With the input id in hand you can now edit a pecan XML so that the PEcAn function ic.process will know where to look in order to process your data. The inputs section of your pecan XML will look like this. As of now ic.process is set up to work with the ED2 model so we will use ED2 settings and then grab the intermediary Rds data file that is created as the standard PEcAn file. For your Inputs section you will need to input your input id wherever you see the source.ic flag.

<inputs>
      <css>
        <source>FFT</source>
        <output>css</output>
        <username>pecan</username>
        <source.id>1000013064</source.id>
        <useic>TRUE</useic>
        <meta>
          <trk>1</trk>
          <age>70</age>
        </meta>
      </css>
      <pss>
        <source>FFT</source>
        <output>pss</output>
        <username>pecan</username>
        <source.id>1000013064</source.id>
        <useic>TRUE</useic>
      </pss>
      <site>
        <source>FFT</source>
        <output>site</output>
        <username>pecan</username>
        <source.id>1000013064</source.id>
        <useic>TRUE</useic>
      </site>
      <met>
        <source>CRUNCEP</source>
        <output>ED2</output>
      </met>
      <lu>
        <id>294</id>
      </lu>
      <soil>
        <id>297</id>
      </soil>
      <thsum>
        <id>295</id>
      </thsum>
      <veg>
        <id>296</id>
      </veg>
    </inputs>

Once you edit your PEcAn.xml you can than create a settings object using PEcAn functions. Your pecan.xml must be in your working directory.
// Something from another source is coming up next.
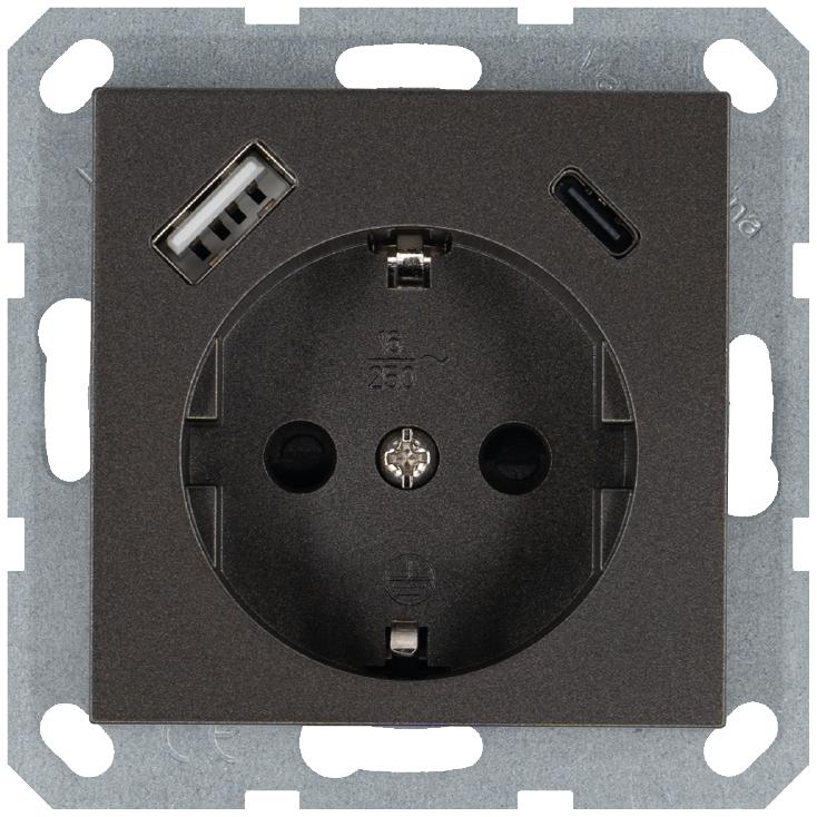 Розетка Shuko 16А с заземл. защ. шторки с 2-мя заряд. устройствами USB тип A+C 25Вт механизм мокко Jasmart G5501USB-25Z

settings <- PEcAn.settings::read.settings("pecan.xml")
settings <- PEcAn.settings::prepare.settings(settings, force=FALSE)

You can then execute the ic.process function to convert data into a standard Rds file:

input <- settings$run$inputs
dir <- "."
ic.process(settings, input, dir, overwrite = FALSE)

Note that the argument dir is set to the current directory. You will find the final ED2 file there. More importantly though you will find the .Rds file within the same directory.

17.5.1.2.0.2 Example 3 Pool Initial Condition files

If you have pool vegetation data, you’ll need the pool_ic_list2netcdf.R function to convert the pool data into PEcAn standard.

The function stands alone and requires that you provide a named list of netcdf dimensions and values, and a named list of variables and values. Names and units need to match the standard_vars.csv table found here.

#Create a list object with necessary dimensions for your site
input<-list()
dims<- list(lat=-115,lon=45, time= 1)
variables<- list(SoilResp=8,TotLivBiom=295)
input$dims <- dims
input$vals <- variables

Once this is done, set outdir to where you’d like the file to write out to and a siteid. Siteid in this can be used as an file name identifier. Once part of the automated workflow siteid will reflect the site id within the BET db.

outdir  <- "."
siteid <- 772
pool_ic_list2netcdf(input = input, outdir = outdir, siteid = siteid)

You should now have a netcdf file with initial conditions.

17.5.1.3 Soil Data

17.5.1.3.0.1 Example 1: Converting Data in hand

Local data that has the correct names and units can easily be written out in PEcAn standard using the function soil2netcdf.

soil.data <- list(volume_fraction_of_sand_in_soil = c(0.3,0.4,0.5),
                  volume_fraction_of_clay_in_soil = c(0.3,0.3,0.3),
                  soil_depth = c(0.2,0.5,1.0))
                         
soil2netcdf(soil.data,"soil.nc")

At the moment this file would need to be inserted into Inputs manually. By default, this function also calls soil_params, which will estimate a number of hydraulic and thermal parameters from texture. Be aware that at the moment not all model couplers are yet set up to read this file and/or convert it to model-specific formats.

17.5.1.3.0.2 Example 2: Converting PalEON data

In addition to location-specific soil data, PEcAn can extract soil texture information from the PalEON regional soil product, which itself is a subset of the MsTMIP Unified North American Soil Map. If this product is installed on your machine, the appropriate step in the do_conversions workflow is enabled by adding the following tag under <inputs> in your pecan.xml

   <soil>
     <id>1000012896</id>
   </soil>

In the future we aim to extend this extraction to a wider range of soil products.